Creating Decision tree using the ID3 algorithm

What are Decision Trees ?

A Decision Tree is a Supervised Machine Learning Algorithm, which helps us to create classification and regression models in a tree-like structure. It consist of :-

  • A Node- which represents a attribute or feature
  • A Branch -which represents the decision
  • A Leaf- which represent the outcome, categorical or continuous

A Decision tree can be built using many algorithms, here we will be creating a decision tree using the ID3 algorithm.

Let’s Understand About Decision Tree With Example

Example to better understand about decision tree. Creating a Decision Tree using the ID3 Algorithm

Consider the picture shown above which depicts whether the person is FIT or UNFIT where we use the decision tree approach. The algorithm will predict whether the person is FIT or UNFIT based on the choice of each node at each level i.e. whether he eats junk food or not.

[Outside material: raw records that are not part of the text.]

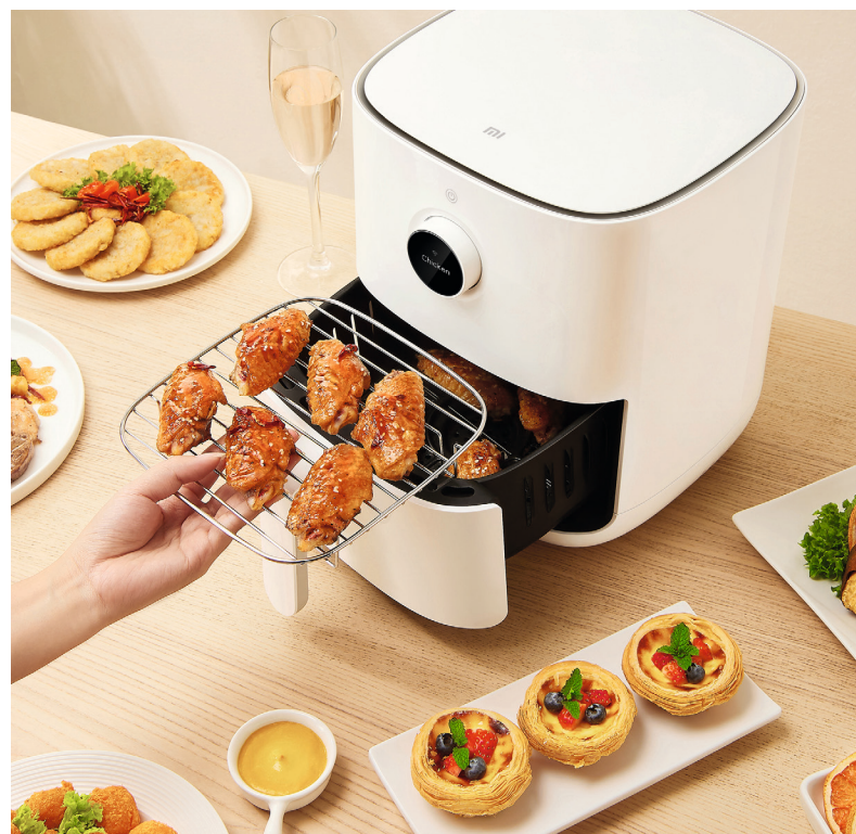
Beispielhafte Produktabbildungen. Tatsächliches Produkt kann abweichen.

Der herausnehmbare und antihafbeschichtete Korb fasst ein Nennvolumen von 3,5 l – und kann nach der Nutzung in der Spülmaschine gereinigt werden.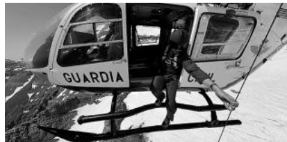
Los rescates se llevan a cabo en cualquier condición meteorológica, por adversa que esta sea. la opinión

Cuando llegaron los dos primeros aparatos el 21 de noviembre de 1984 a la recién creada Unidad de Helicópteros de la Guardia Civil de Canarias, a la que se le asignó el indicativo de radio Cuco, pocos eran los que se atreverían a vaticinar el abultado historial de este grupo. Más de 12.000 horas de vuelo, la mayoría sobre el mar, sin ningún accidente grave, 1.222 evacuaciones sanitarias, 985 rescates en montaña y costas y más de 3.000 inmigrantes salvados hablan por sí solos de la UH119.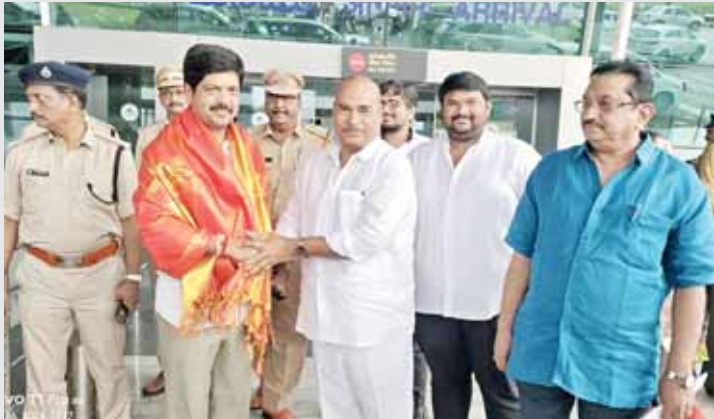
తిరుపతి ఎడ్యుకేషన్, మేజర్ న్యూస్: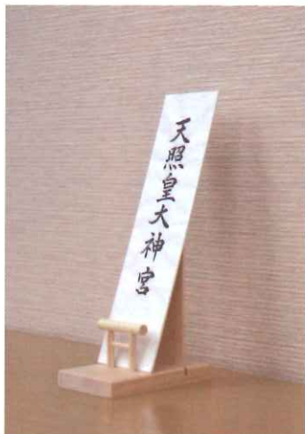
簡易神棚を使って棚の上に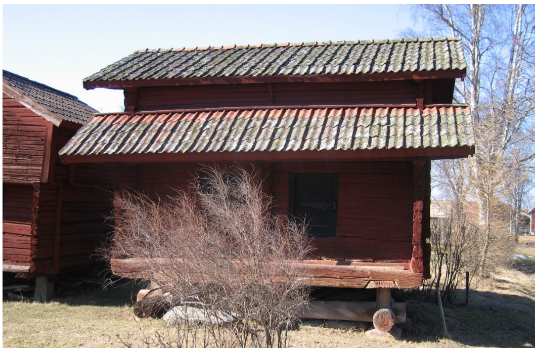
Figur 3. Det är troligt att härbret står på ursprunglig plats eftersom det saknar flyttmärken.

Invändigt är inredningen välbevarad. I bottenvåningens högra rum finns en skyddsbränning mot onda väsen. Saltutfällningar påminner om härbrets funktion som förrådsbyggnad, bland annat för matvaror. I övervåningen finns små gluggar för ljusinsläpp, ett försett med ett äldre järnsmide. Taket består underst av ett laggtak, en ålderdomlig takkonstruktion bestående av tätt lagda stockar eller kluvna stockar som hakas i urtag i gavlarna. På laggtaket ligger pärt och tegel i lager ovanpå varandra.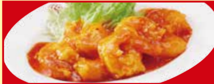
海老のチリソース 税込690円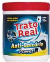
Power Anti-Calcário Power Anti Calcareous Power Anticalcaire Power Anti-Cal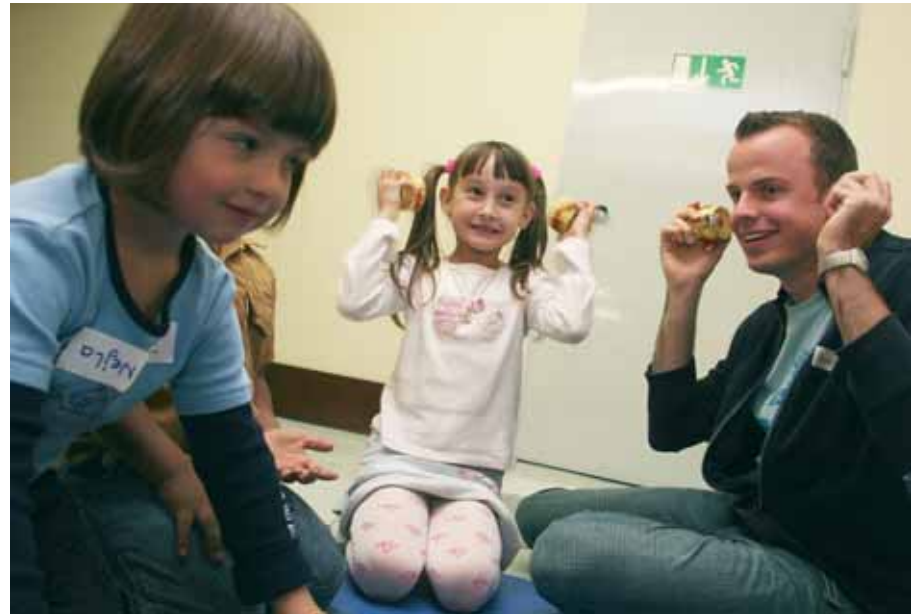
Ein Parcours zum Fühlen, Hören und Schmecken mit Bankpraktikanten

freihalten. Nach seiner Erfahrung sind bei den Mitarbeitern „vor allem handwerkliche Tätigkeiten beliebt, bei denen am Ende des Tages ein Produkt sichtbar ist, auf das alle gemeinsam stolz sein können“.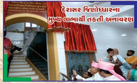
દેરાસર જિણોધારના મુખ્ય લાભાર્થી તકતી અનાવરણ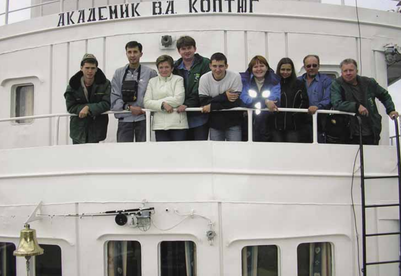
Научно-исследовательское судно флота Лимнологического института на Байкале

(ветровой режим Байкала чрезвычайно изменчив). Правда, даже наши якоря не дают стопроцентной гарантии: несколько камер разбились на прибрежных камнях, да и нам в каждой экспедиции приходилось купаться в холодной байкальской воде.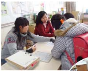
(上)受付では児童からの「○○くんところ、インフルエンザで学級閉鎖になってんで」など「一日の報告」が聞かれます。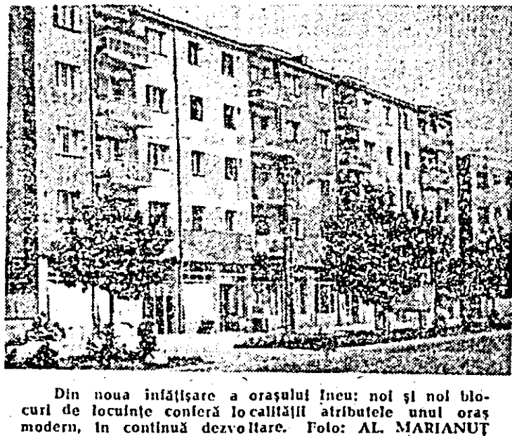
Din noua înfățișare a orașului Ieneu: noi și noi blocuri de locuințe conferă localității atribuțiile unui oraș modern, în continuă dezvoltare.

ta la întreprinderea prelucrătoare. De asemenea, cum ne informa tovarășul Ion Mirolu, președintele consiliului unic, cooperatorii din Sîntana și Comăuș au început pe 15 la și strînsul cartofilor după ce șase mașini le-au distilcat din sol. Lucrările care s-au întetit în aceste zile, demonstrează că pe ogoare activitatea este îndreptată spre recoltatul culturilor de toamnă și pregătirea producției viitoare, acțiunii ample la care se cer antrenate toate forțele satelor.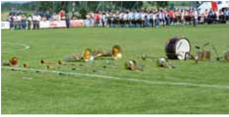
Wo sind die Musiker - vielleicht im Zelt!?

Als Gegeneinladung fuhr der Musikverein Wolfhern zur Marschmusikwertung in den Bezirk Perg zum Musikfest der Musikkapelle Katsdorf.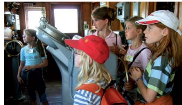
2008 © Museumsdienst Hamburg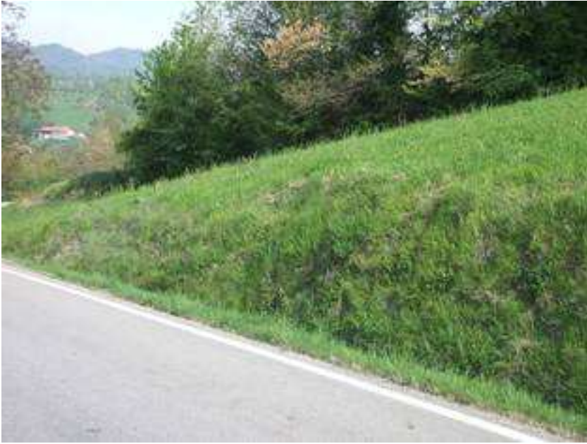
Figura 2 – Prato stabile in cui sono stati osservati i 18 esemplari in scheda.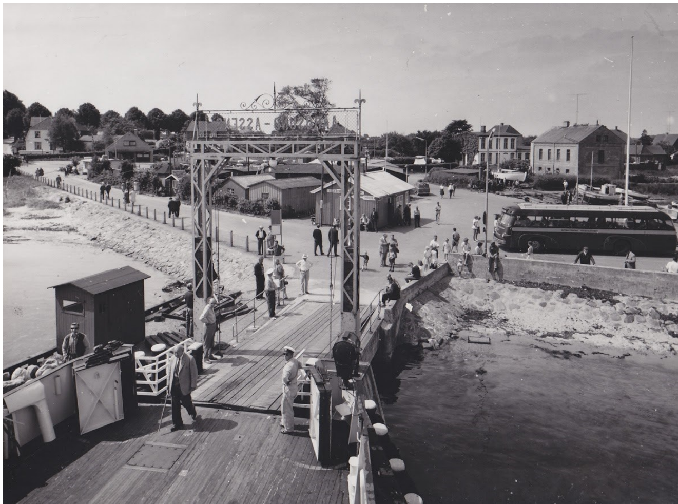
Aarøsund Havn set fra færgen 1960-70.

The leaf node depicts the outcome, here in this example the outcome is categorical i.e. He is fit or unfit.

What is ID3?

ID3 is an acronym of the term Iterative Dichotomiser 3. It basically follows one of the popular approach known as greedy algorithm in a top down manner, in which we basically choose the best possible node at that time and top-down is the pattern in which it flows in the structure. It means the prediction may or may not be correct every time.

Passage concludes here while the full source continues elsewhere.